The three most active compounds progressed to in vivo studies, where they were tested in mice harboring adult S. mansoni. Compound 29 was the most active compound, with a worm burden reduction (WBR) of 46.4% (P < 0.05) at 400 mg/kg (Table 2). This is roughly half of the antiparasitic activity of praziquantel at the same dosage (94%) (29). WBR values for compounds 27 and 30 were considerably lower (9.3% and 12.5%, respectively).
DISCUSSION
The overwhelming dependence on praziquantel to treat schistosomiasis worldwide demonstrates the potential danger that praziquantel resistance poses. There is therefore a clear need for the development of antischistosomal drugs with novel pharmacophores and modes of action. The dianilinoquinoxaline compound 2 was identified in previous work as a promising lead for further antischistosomiasis drug development (8).

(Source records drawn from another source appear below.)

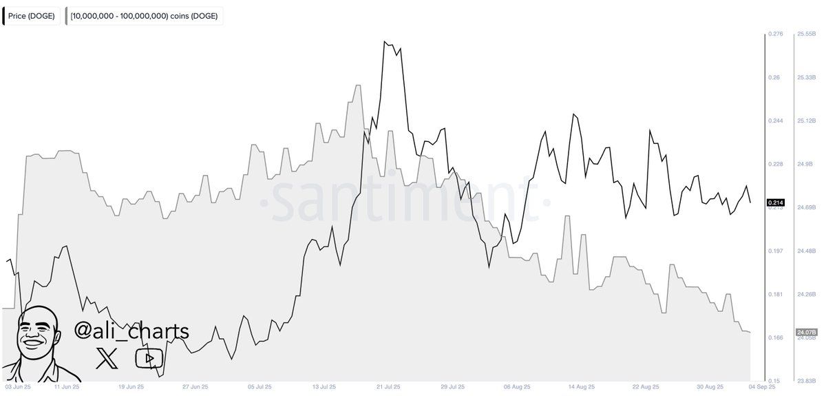 Sponsored다른 한편으로, Ali는 고래들이 48시간 내에 약 2억 DOGE를 매도한 것으로 보인다고 관찰했습니다. 이는 일부 대형 지갑이 이탈하는 반면, 기술적 수요가 나타나는 분열된 시장 상태를 반영합니다.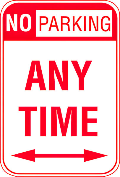 TYPE: STREET SIGN. Aluminum Parking Lot Sign. WORDING: "NO PARKING ANYTIME (Double Arrow)." SIZE: 12" x 18". COLOR: BLACK ON WHITE. SIGN POSTS: Sold separately. See N1026445. ACCESSORIES N1014758-N1014759 Fence Mount Brackets. SHIPPING: USPS.
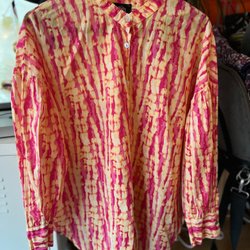 Eine farbenfrohe Bluse im Batikmuster, Größe S/M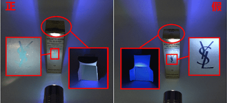 用荧光剂检测笔检测发现,假货明显含有荧光剂,正品的YSL标识不反光的,假货反光看得很清晰。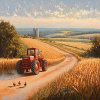 Een rode tractor snijdt door goudkleurig graan, terwijl glooiende heuvels zich uitstrekken tot aan de horizon. De lucht, bezaaid met fijne wolken, weerspiegelt de vredige sfeer van het plattelandsleven. Drie kleine vogels waggelen nieuwsgierig langs de kant van de weg en voegen een levendig accent toe aan het harmonieuze landelijke landschap.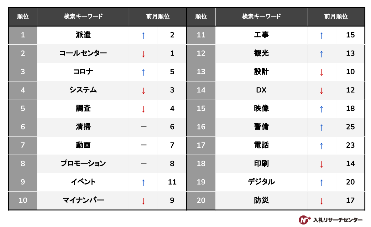 検索回数NO.1は「派遣」となりました。「コロナ」「警備」「電話」なども順位を上げました。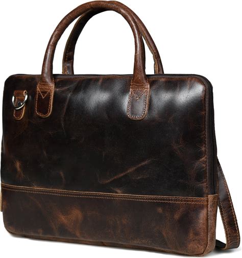 Leather Laptop Briefcase Bag For Men | Best Slim Leather Computer Bag For 15 Inch Laptops | Finest Vintage Buffalo Leather, Dark Brown / 16-Inch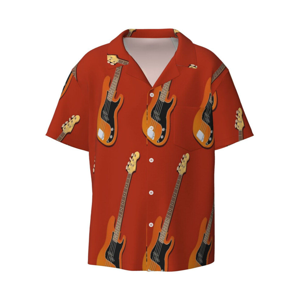 (Custom Precision Bass Guitar_11731) Men's Hawaiian Shirts Cuban Collar Vintage Bowling Short Sleeve Button Down Beach Shirt Casual Summer Vacation We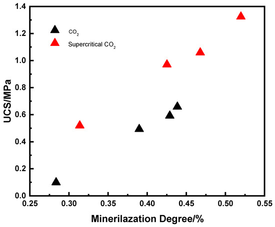 - The compressive strength initially sharply increases with the mineralization degree, followed by a slight decrease.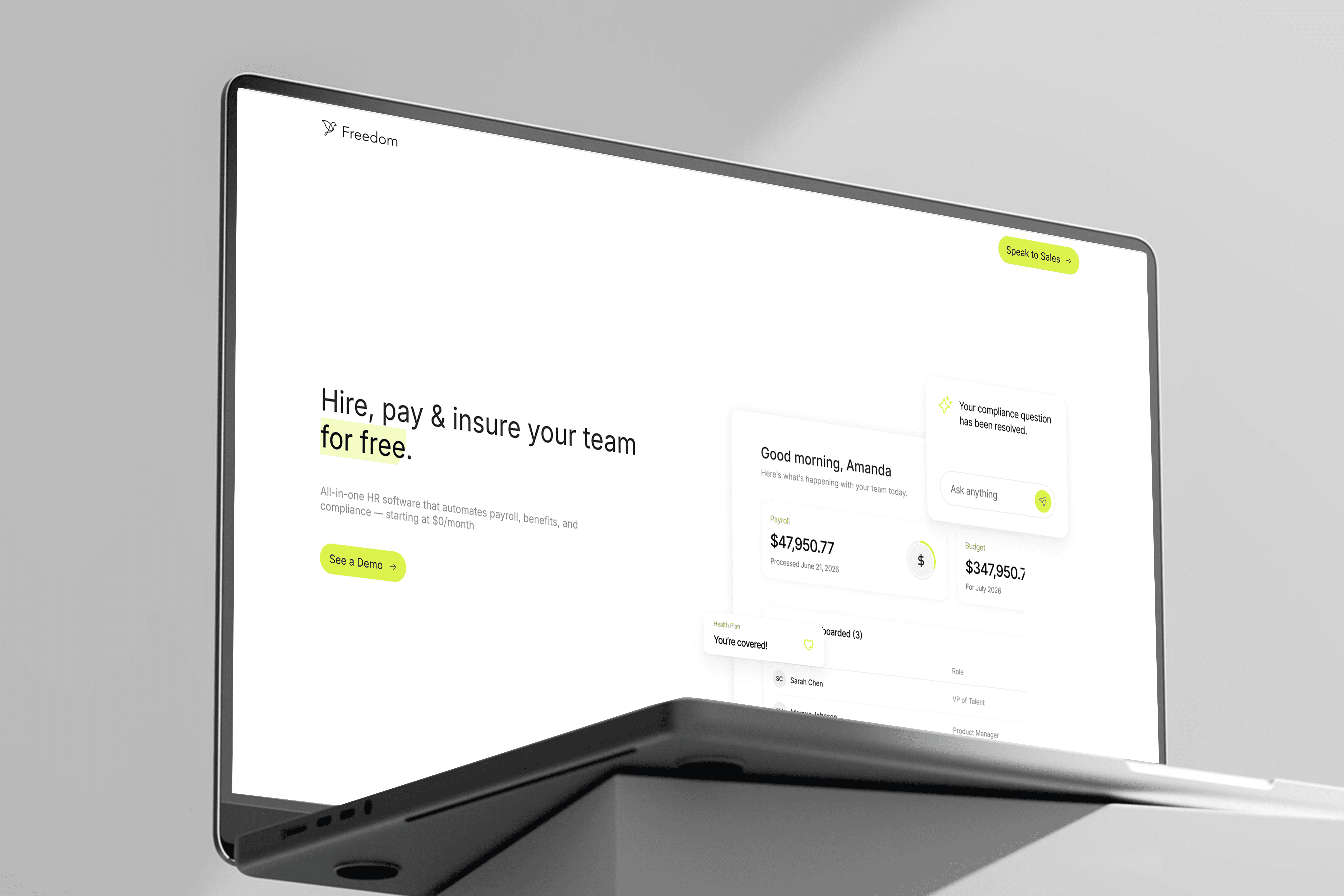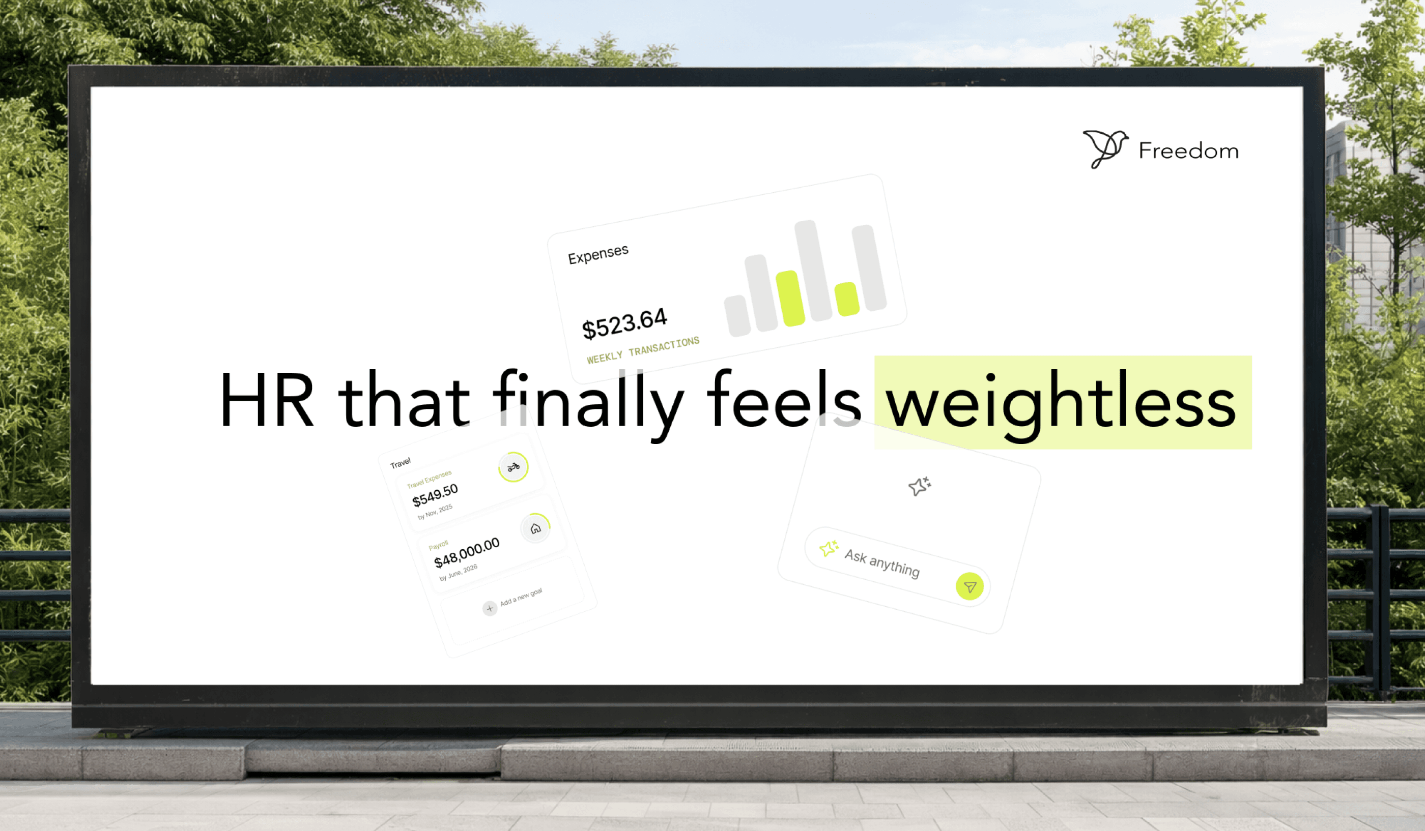 Freedom is an HR platform designed to remove operational friction for growing teams. The goal of this project was to create a brand system that communicates clarity, simplicity, and reliability while reflecting the product’s core promise: making payroll, benefits, and compliance effortless. The visual language emphasizes lightweight structure, strong contrast, and minimalism to mirror the product experience.

In this follow-up study, we have synthesized 47 analogs of this lead compound by varying both the amine/aniline substituents on the quinoxaline scaffold and the scaffold itself. Eleven of these analogs (compounds 3 to 13) were dianilinoquinoxalines like compound 2, while 10 others (compounds 14 to 23) were synthesized from 2,3-dichloroquinoxaline and nonaniline amines; the aniline-containing quinoxalines showed better antischistosomal activity than the second group did. Nitroquinoxaline analogs (compounds 24 to 32) similar to the first, more active group were also synthesized, as were a series of triazoloquinoxalines (compounds 38 to 49) and a small set of tetracyclic compounds (compounds 35 to 37) incorporating the quinoxaline moiety.

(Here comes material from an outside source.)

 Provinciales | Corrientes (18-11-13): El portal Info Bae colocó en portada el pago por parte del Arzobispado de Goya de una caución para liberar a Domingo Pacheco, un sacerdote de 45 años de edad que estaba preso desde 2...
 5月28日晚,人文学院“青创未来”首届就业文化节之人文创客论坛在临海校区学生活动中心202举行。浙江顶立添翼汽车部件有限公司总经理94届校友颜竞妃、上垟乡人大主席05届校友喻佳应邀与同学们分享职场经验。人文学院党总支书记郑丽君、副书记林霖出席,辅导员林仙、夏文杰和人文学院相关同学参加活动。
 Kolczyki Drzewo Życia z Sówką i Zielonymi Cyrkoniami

All compounds were first tested in vitro on newly transformed schistosomula (NTS). Test compounds with aniline substituents (compounds 3 to 13 and 24 to 34) generally showed strong antiparasitic activity against both NTS and adult worms at a concentration of 1 µM; the remainder of our set showed only weak activity against NTS at 10 µM. The most active were nitroquinoxalines 27, 29 and 30, which demonstrated submicromolar IC50 values against adult worms, comparable to the published values for our lead compound 2 and for praziquantel itself (7). Notably, compound 30 is similar to the diarylurea lead compound 1 in that they both carry two 3,4-dichloroaniline moieties.
The addition of a nitro group to the quinoxaline scaffold increased the activity against NTS in a few cases (compound 4 versus compound 29, and compound 5 versus compound 30), but this effect was not consistent across our set of analogs. Like for other nitroaromatic antiparasitic compounds, such as nitazoxanide and metronidazole, this added activity upon nitration may be due to the targeting of parasitic redox systems (16, 30).

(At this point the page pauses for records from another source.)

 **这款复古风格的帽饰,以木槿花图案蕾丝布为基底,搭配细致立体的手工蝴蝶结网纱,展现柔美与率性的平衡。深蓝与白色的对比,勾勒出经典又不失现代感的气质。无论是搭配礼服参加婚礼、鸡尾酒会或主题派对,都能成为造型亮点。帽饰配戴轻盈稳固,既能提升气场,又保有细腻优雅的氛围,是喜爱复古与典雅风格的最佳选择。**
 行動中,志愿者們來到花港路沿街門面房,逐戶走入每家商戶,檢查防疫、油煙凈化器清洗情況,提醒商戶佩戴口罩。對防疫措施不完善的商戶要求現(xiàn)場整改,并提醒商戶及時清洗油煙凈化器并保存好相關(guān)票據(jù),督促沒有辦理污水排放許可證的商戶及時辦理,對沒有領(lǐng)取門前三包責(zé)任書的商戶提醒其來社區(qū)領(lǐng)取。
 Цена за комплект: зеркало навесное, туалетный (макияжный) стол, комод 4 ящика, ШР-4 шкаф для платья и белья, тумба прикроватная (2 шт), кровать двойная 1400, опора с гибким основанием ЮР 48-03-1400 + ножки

Unfortunately, the highest WBR achieved here, with nitroquinoxaline 29, was only half of that measured for praziquantel; two similar compounds with very good in vitro activity, compounds 27 and 30, showed very little WBR at the same concentration. The in vitro/in vivo discrepancy found in this study may be due to rapid metabolic reduction of these nitro compound to anilines (31). However, acetamidoquinoxalines 33 and 34, which would also ostensibly be metabolized to anilines within the parasite, showed markedly less activity against both NTS and adult worms than their corresponding nonacetamido analogs in our compound set (compounds 4, 5, 29, and 30). More generally, the poor in vivo activity of these compounds may simply be due to poor pharmacokinetic properties—that is, high lipophilicities (clog P > 5) and low aqueous solubilities. Further structural optimization may be able to improve the bioavailabilities of these compounds and improve their activities in vivo.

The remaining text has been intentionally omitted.